## SOURCE MATERIAL
↓↓↓

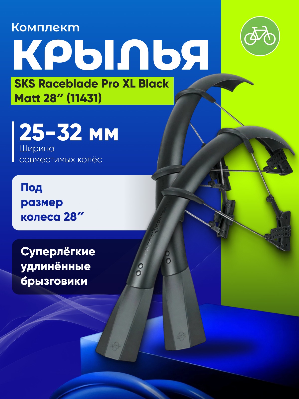 Комплект крыльев SKS Raceblade Pro XL Black Matt 28″ (11431) — современное решение для шоссейных и циклокроссовых велосипедов с колёсами шириной 25–32 мм. Благодаря инновационной быстросъёмной системе их легко установить даже на аэродинамические вилки. Экстрадлинные брызговики из сверхлёгкого материала обеспечивают максимальную защиту от грязи и воды, а регулируемые стойки позволяют точно подогнать крылья под радиус колеса. Комплект включает резиновые фиксаторы, пластиковые стяжки и защитные наклейки для рамы.
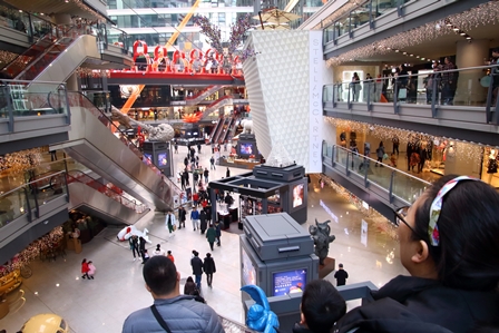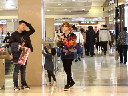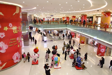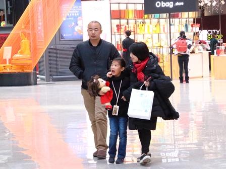 雨水-春節のショッピングモール (2018年2月19日 曇り・中度汚染 最高気温 6℃、最低気温 -3℃)
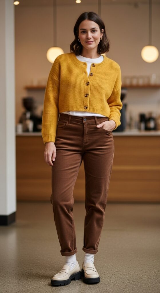 Pair your corduroy trousers with a cropped cardigan in a fun color like mustard, sage, or dusty rose. Wear it buttoned up as a top or layer it over a simple white tee if you’re feeling more casual. Chunky loafers are non negotiable here because they bring that scholarly chic energy.
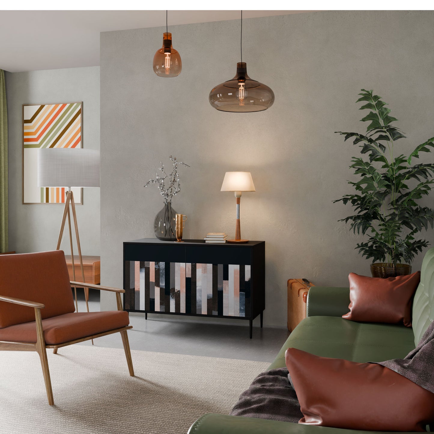 Eleganza e funzionalità in un unico mobile: la nostra credenza a 2 ante con corpo nero è la soluzione perfetta per gli amanti degli interni eleganti e moderni. Il corpo nero enfatizza il carattere audace del mobile, mentre i frontali con una stampa unica aggiungono un tocco artistico. Si adatta perfettamente al soggiorno, alla camera da letto o all'ufficio, completando sia gli arrangiamenti moderni che quelli industriali.
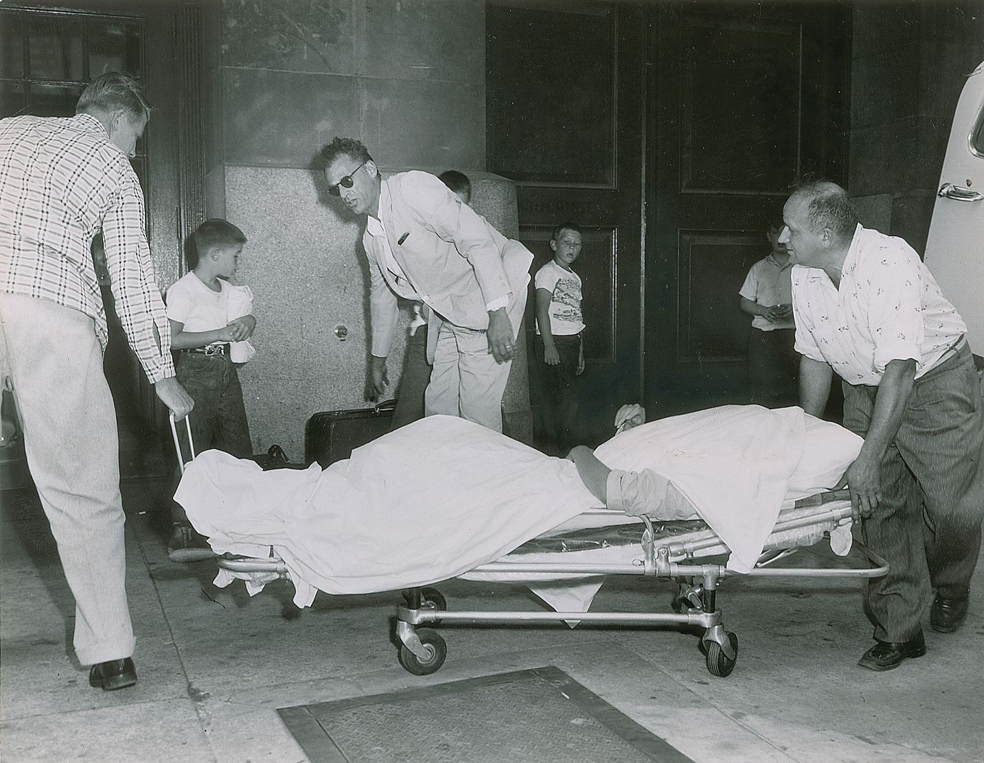 Tragic original vintage glossy 9.25 x 7.25 silver gelatin photo of Marilyn Monroe being wheeled on a stretcher into Doctors Hospital in Manhattan, with husband Arthur Miller in the background, where she underwent emergency surgery after losing her baby in August 1957. Reverse bears a New York Daily News credit stamp. In very good to fine condition, with trimmed edges, and an area of buffing to the emulsion above Marilyn's body.
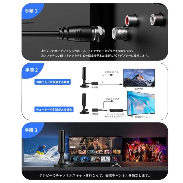 【 鮮明に映る距離モード搭載 】 室内アンテナ テレビ TV 最強 テレビアンテナ 地デジアンテナ 地デジ 信号 ブースター内蔵 4K HD TV 420KM受信範囲 360度全方位受信 アンテナ 高感度 無料視聴 簡単接続 USB式 車載 磁力 固定 高性能 UHF VHF 対応 室内 屋外
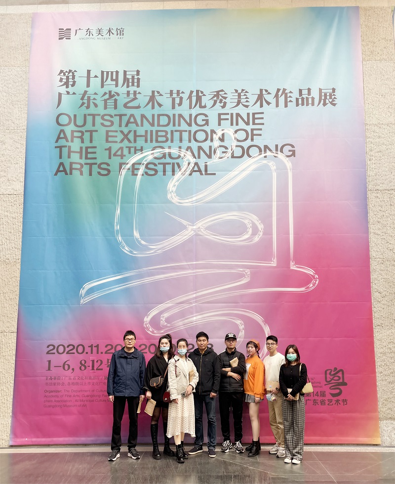 为深化产教研融合,培养高素质应用型人才,提高教师专业素养,12月2日由艺术设计学院副院长周建带队,一行八位老师共赴广州考察。 考察期间,教师首先参观了第十四届广东省艺术节优秀美术作品展。广东省艺术节是广东省规模最大、规格最高、最具专业性的艺术盛会。本次参展作品紧扣经济特区建立40周年、决胜全面建成小康社会、中华人民共和国成立70周年、中国共产党成立100周年等重大主题,生动刻画和反映时代的前进步伐、生活的发展变迁和人民昂扬奋进的精神风貌。12月4日,教师参加了广州国际设计周,广州国际设计周是中国目前规模最大、参与人数最多、影响力最广、国际化程度最高的“设计+选材”(D+B,Design+Brands)博览会。(图为八位教师在广东美术馆前合影) 此次考察,不仅为教研团队带来了一场视觉盛宴,拓宽了视野,也让教研团队更深层次的体会到产品的进步与科技的快速发展。接触的各种设计、教学理念给教研团队提供了全新的观点释放和平台交流的契机,进一步提高了教师的专业素养和教学水平。(图为艺术节部分优秀作
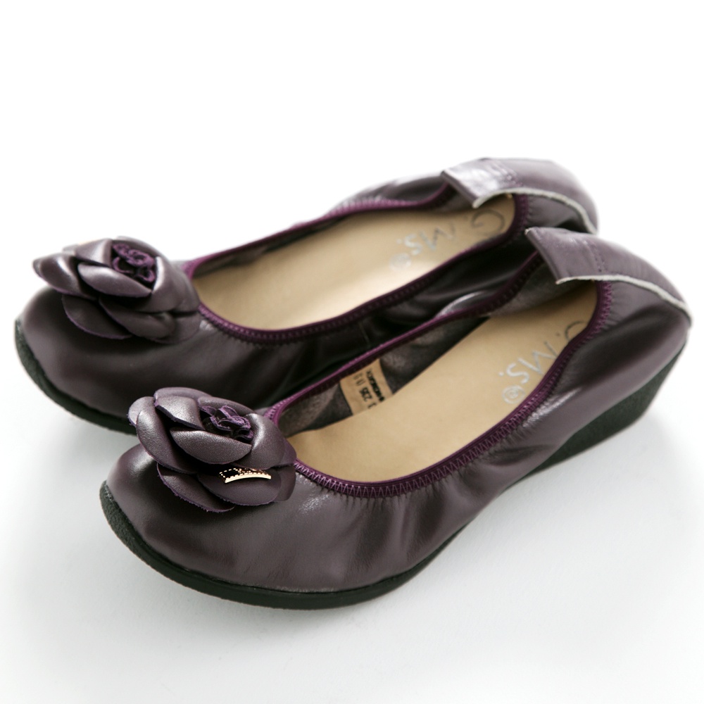 【G.Ms.】經典山茶花‧柔軟彎折厚底坡跟牛皮娃娃鞋‧安娜蘇紫
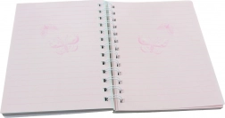 Különböző pasztell színek az 'Butterfly' mintával a borítón egyedi megjelenést adnak a jegyzetfüzetnek.
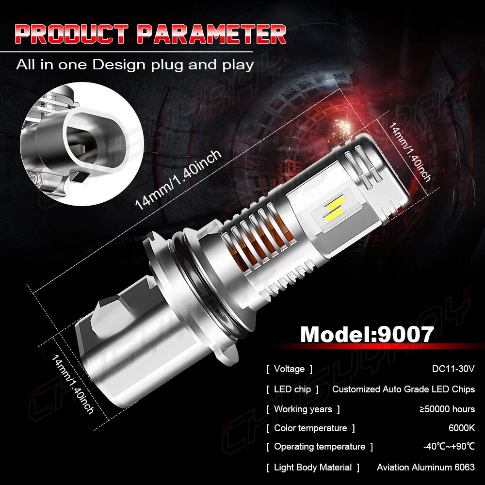Superseded Part Number: Headlight High Beam Low Beam Foglight Replacement Brand: CHUSYYRAY Bulb Fitment Code: HB5 (9007) EAN: 702756928309 Material: Aluminum alloy Easy Installation: Direct Replacement of Your Stock Bulbs Features: Quick Installation , Plug and Play,Fanless Model: LED Headlight Fog Light Conversion Kit Headlight Bulb Type: 9007/HB5 Country/Region of Manufacture: China Heat Control: Aircraft Solid Aluminum Body,Ballasts Size: the same as the car original light Beam Angle: Spotlight Items Included: Bulbs Number of Bulbs: 2 Performance Part: Yes gtin13: 702756928309 Bulb Shape Code: 9007(HB5) UPC: 702756928309 Lens Color: Clear Mounting Style: play & plug Light Color: White Wattage: 50W Voltage: 12V Fitment Type: Direct Replacement Vintage Part: No Design: 1:1 Size Manufacturer Part Number: CHUSYYRAYQ10-9007/HB5 Lumens: 6000 lm More LED Kit We Have 2: 9005 9006 9007 H11 H8 H9 H13 9008 H4 9003 Universal Fitment: No Other Part Number: Super Bright Xenon White color LED light bulbs OE/OEM Part Number: LED Headlight Kit Beam Pattern: 360° Adjustable Manufacturer Warranty: 2 Years More LED Kit We Have 1: H10 9145 9140 9011 9012 HB1 HB2 HB3 HB4 HB5 Placement on Vehicle: Front, Left, Right Type: Headlight Assembly Bulb Type: Headlight Lighting Technology: LED Color Temperature: 6000K Interchange Part Number: 9007/HB5 High/Low Beam Housing Color: Silvery
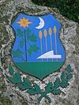Remek állapotban van a címer, egy kisebb sziklatömbön látható, nem messze a kórház bejáratától.
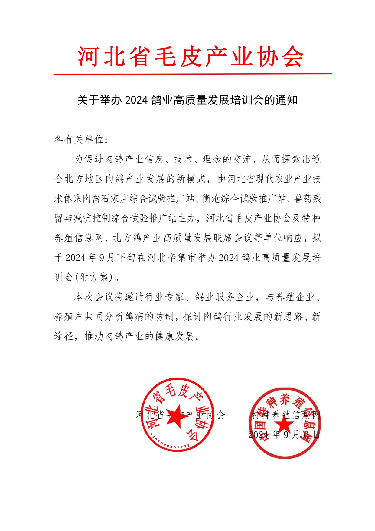 關(guān)于舉辦2024鴿業(yè)高質(zhì)量發(fā)展培訓(xùn)會(huì)的通知
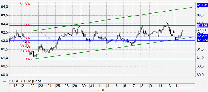Рубль: небольшое падение стоимости нефти, значительное усиление доллара, и вот мы не можем взять 62.00 (наш сигнал на продажу) и поднимаемся выше 62.50, что создает предпосылки для продолжения роста. Не смотря на болезненность закрытия по стоп-ордеру на 62.20 вчера, рекомендуем сегодня повторить вход в покупку. Сегодня заседание ЦБ РФ (13.30 Мск.). Ждем, что ставка останется на том же уровне 7.25%.
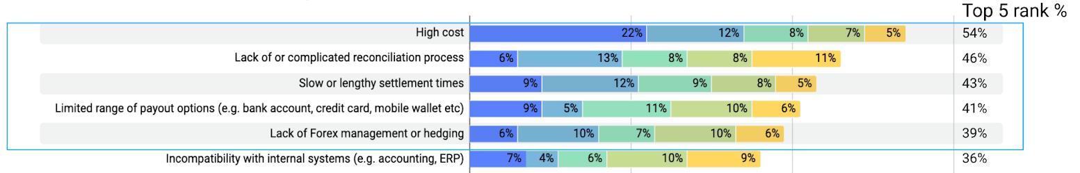 The survey findings uncovered that nearly half of respondents said that complicated reconciliation challenges are among their top five pain points, right after high costs. Several of these key pain points include:
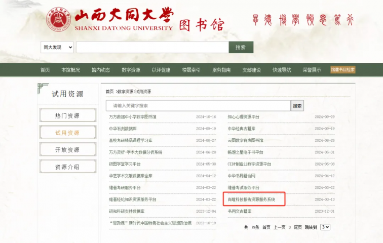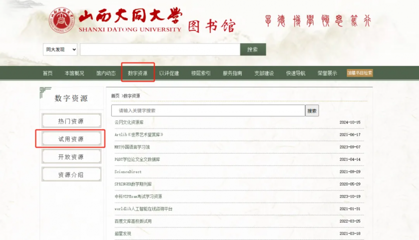 1、在校园IP范围内,登录山西大同大学图书馆官网,点击上方导览“数字资源-试用资源”。
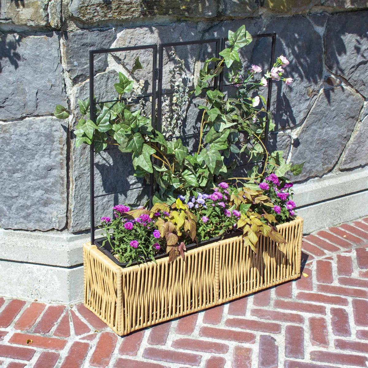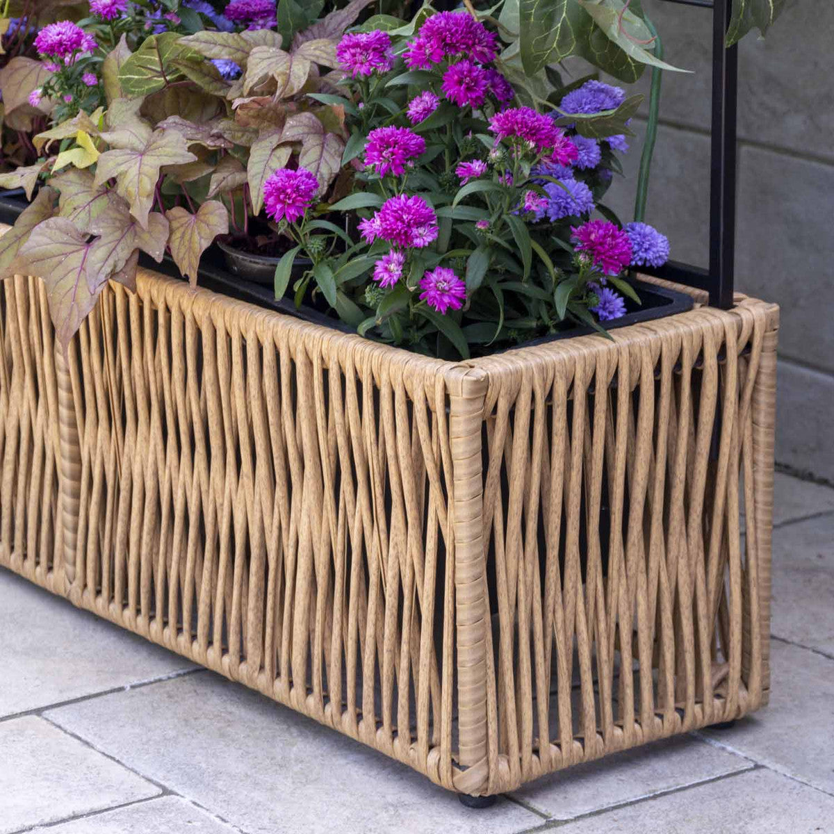 • Stunning hand-woven resin wicker planter with trellis on a strong powder coated steel frame
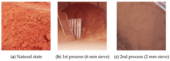 In the case of commercial red clay, it has a porous structure containing numerous halloysite-based micropores, consisting chemically of SiO2, Al2O3, Fe2O3, and its chemical composition is similar to other pozzolanic materials [22,23,24]. Figure 4 shows the red clay used in this study. To ensure a uniform particle size, the clay used in this study underwent natural drying after collection and was sifted through a 2 mm sieve before mixing. The density and loss ignition of the red clay was 2.7 g/cm³ and 9.27%, respectively.
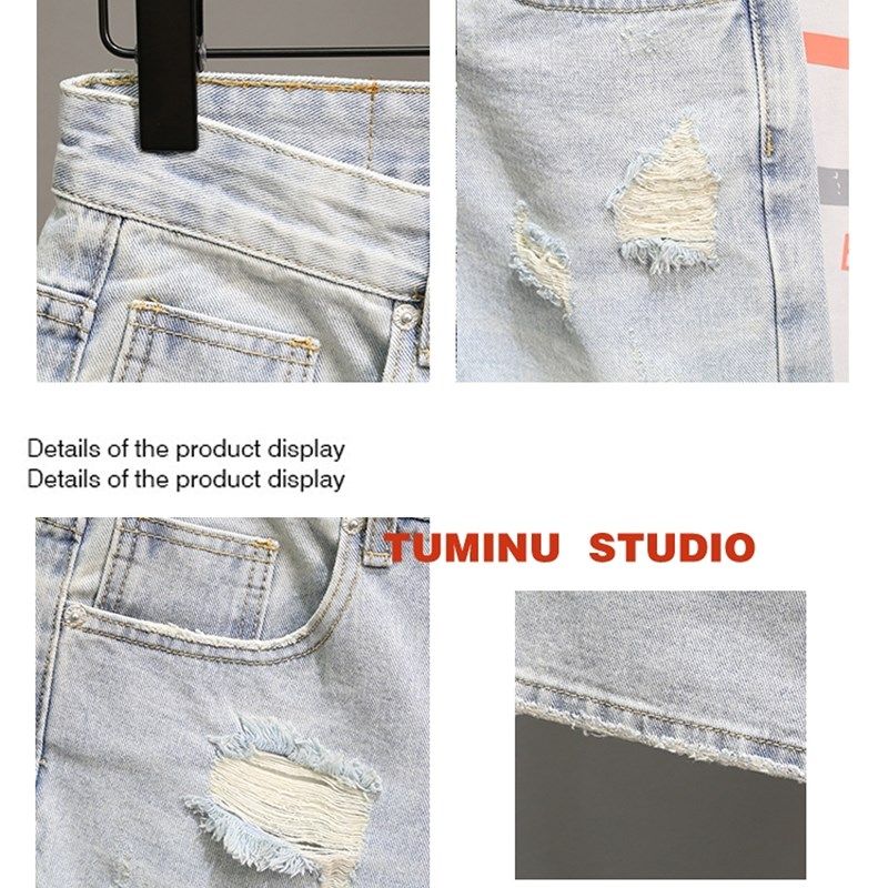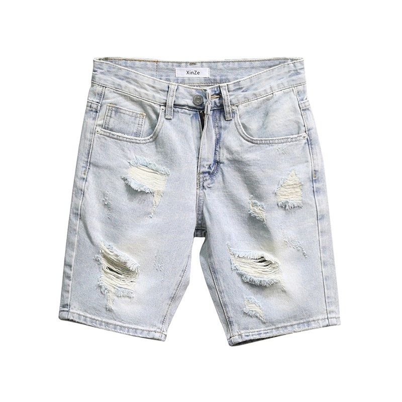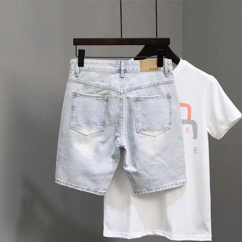 浅色牛仔短裤男夏季薄款潮牌破洞五分裤潮流韩版修身中裤刮烂马裤

↑↑↑

Pictures are not part of the copy. Restate everything else in the listing word for word.

 Комплект крыльев SKS Raceblade Pro XL Black Matt 28″ (11431) — современное решение для шоссейных и циклокроссовых велосипедов с колёсами шириной 25–32 мм. Благодаря инновационной быстросъёмной системе их легко установить даже на аэродинамические вилки. Экстрадлинные брызговики из сверхлёгкого материала обеспечивают максимальную защиту от грязи и воды, а регулируемые стойки позволяют точно подогнать крылья под радиус колеса. Комплект включает резиновые фиксаторы, пластиковые стяжки и защитные наклейки для рамы.
 雨水-春節のショッピングモール (2018年2月19日 曇り・中度汚染 最高気温 6℃、最低気温 -3℃)
 Pair your corduroy trousers with a cropped cardigan in a fun color like mustard, sage, or dusty rose. Wear it buttoned up as a top or layer it over a simple white tee if you’re feeling more casual. Chunky loafers are non negotiable here because they bring that scholarly chic energy.
 Eleganza e funzionalità in un unico mobile: la nostra credenza a 2 ante con corpo nero è la soluzione perfetta per gli amanti degli interni eleganti e moderni. Il corpo nero enfatizza il carattere audace del mobile, mentre i frontali con una stampa unica aggiungono un tocco artistico. Si adatta perfettamente al soggiorno, alla camera da letto o all'ufficio, completando sia gli arrangiamenti moderni che quelli industriali.
 Tragic original vintage glossy 9.25 x 7.25 silver gelatin photo of Marilyn Monroe being wheeled on a stretcher into Doctors Hospital in Manhattan, with husband Arthur Miller in the background, where she underwent emergency surgery after losing her baby in August 1957. Reverse bears a New York Daily News credit stamp. In very good to fine condition, with trimmed edges, and an area of buffing to the emulsion above Marilyn's body.
 【 鮮明に映る距離モード搭載 】 室内アンテナ テレビ TV 最強 テレビアンテナ 地デジアンテナ 地デジ 信号 ブースター内蔵 4K HD TV 420KM受信範囲 360度全方位受信 アンテナ 高感度 無料視聴 簡単接続 USB式 車載 磁力 固定 高性能 UHF VHF 対応 室内 屋外
 为深化产教研融合,培养高素质应用型人才,提高教师专业素养,12月2日由艺术设计学院副院长周建带队,一行八位老师共赴广州考察。 考察期间,教师首先参观了第十四届广东省艺术节优秀美术作品展。广东省艺术节是广东省规模最大、规格最高、最具专业性的艺术盛会。本次参展作品紧扣经济特区建立40周年、决胜全面建成小康社会、中华人民共和国成立70周年、中国共产党成立100周年等重大主题,生动刻画和反映时代的前进步伐、生活的发展变迁和人民昂扬奋进的精神风貌。12月4日,教师参加了广州国际设计周,广州国际设计周是中国目前规模最大、参与人数最多、影响力最广、国际化程度最高的“设计+选材”(D+B,Design+Brands)博览会。(图为八位教师在广东美术馆前合影) 此次考察,不仅为教研团队带来了一场视觉盛宴,拓宽了视野,也让教研团队更深层次的体会到产品的进步与科技的快速发展。接触的各种设计、教学理念给教研团队提供了全新的观点释放和平台交流的契机,进一步提高了教师的专业素养和教学水平。(图为艺术节部分优秀作
 【G.Ms.】經典山茶花‧柔軟彎折厚底坡跟牛皮娃娃鞋‧安娜蘇紫
 Különböző pasztell színek az 'Butterfly' mintával a borítón egyedi megjelenést adnak a jegyzetfüzetnek.
Superseded Part Number: Headlight High Beam Low Beam Foglight Replacement Brand: CHUSYYRAY Bulb Fitment Code: HB5 (9007) EAN: 702756928309 Material: Aluminum alloy Easy Installation: Direct Replacement of Your Stock Bulbs Features: Quick Installation , Plug and Play,Fanless Model: LED Headlight Fog Light Conversion Kit Headlight Bulb Type: 9007/HB5 Country/Region of Manufacture: China Heat Control: Aircraft Solid Aluminum Body,Ballasts Size: the same as the car original light Beam Angle: Spotlight Items Included: Bulbs Number of Bulbs: 2 Performance Part: Yes gtin13: 702756928309 Bulb Shape Code: 9007(HB5) UPC: 702756928309 Lens Color: Clear Mounting Style: play & plug Light Color: White Wattage: 50W Voltage: 12V Fitment Type: Direct Replacement Vintage Part: No Design: 1:1 Size Manufacturer Part Number: CHUSYYRAYQ10-9007/HB5 Lumens: 6000 lm More LED Kit We Have 2: 9005 9006 9007 H11 H8 H9 H13 9008 H4 9003 Universal Fitment: No Other Part Number: Super Bright Xenon White color LED light bulbs OE/OEM Part Number: LED Headlight Kit Beam Pattern: 360° Adjustable Manufacturer Warranty: 2 Years More LED Kit We Have 1: H10 9145 9140 9011 9012 HB1 HB2 HB3 HB4 HB5 Placement on Vehicle: Front, Left, Right Type: Headlight Assembly Bulb Type: Headlight Lighting Technology: LED Color Temperature: 6000K Interchange Part Number: 9007/HB5 High/Low Beam Housing Color: Silvery
Remek állapotban van a címer, egy kisebb sziklatömbön látható, nem messze a kórház bejáratától.
 關(guān)于舉辦2024鴿業(yè)高質(zhì)量發(fā)展培訓(xùn)會(huì)的通知
Рубль: небольшое падение стоимости нефти, значительное усиление доллара, и вот мы не можем взять 62.00 (наш сигнал на продажу) и поднимаемся выше 62.50, что создает предпосылки для продолжения роста. Не смотря на болезненность закрытия по стоп-ордеру на 62.20 вчера, рекомендуем сегодня повторить вход в покупку. Сегодня заседание ЦБ РФ (13.30 Мск.). Ждем, что ставка останется на том же уровне 7.25%.
 The survey findings uncovered that nearly half of respondents said that complicated reconciliation challenges are among their top five pain points, right after high costs. Several of these key pain points include:
 1、在校园IP范围内,登录山西大同大学图书馆官网,点击上方导览“数字资源-试用资源”。
 • Stunning hand-woven resin wicker planter with trellis on a strong powder coated steel frame
 In the case of commercial red clay, it has a porous structure containing numerous halloysite-based micropores, consisting chemically of SiO2, Al2O3, Fe2O3, and its chemical composition is similar to other pozzolanic materials [22,23,24]. Figure 4 shows the red clay used in this study. To ensure a uniform particle size, the clay used in this study underwent natural drying after collection and was sifted through a 2 mm sieve before mixing. The density and loss ignition of the red clay was 2.7 g/cm³ and 9.27%, respectively.
 浅色牛仔短裤男夏季薄款潮牌破洞五分裤潮流韩版修身中裤刮烂马裤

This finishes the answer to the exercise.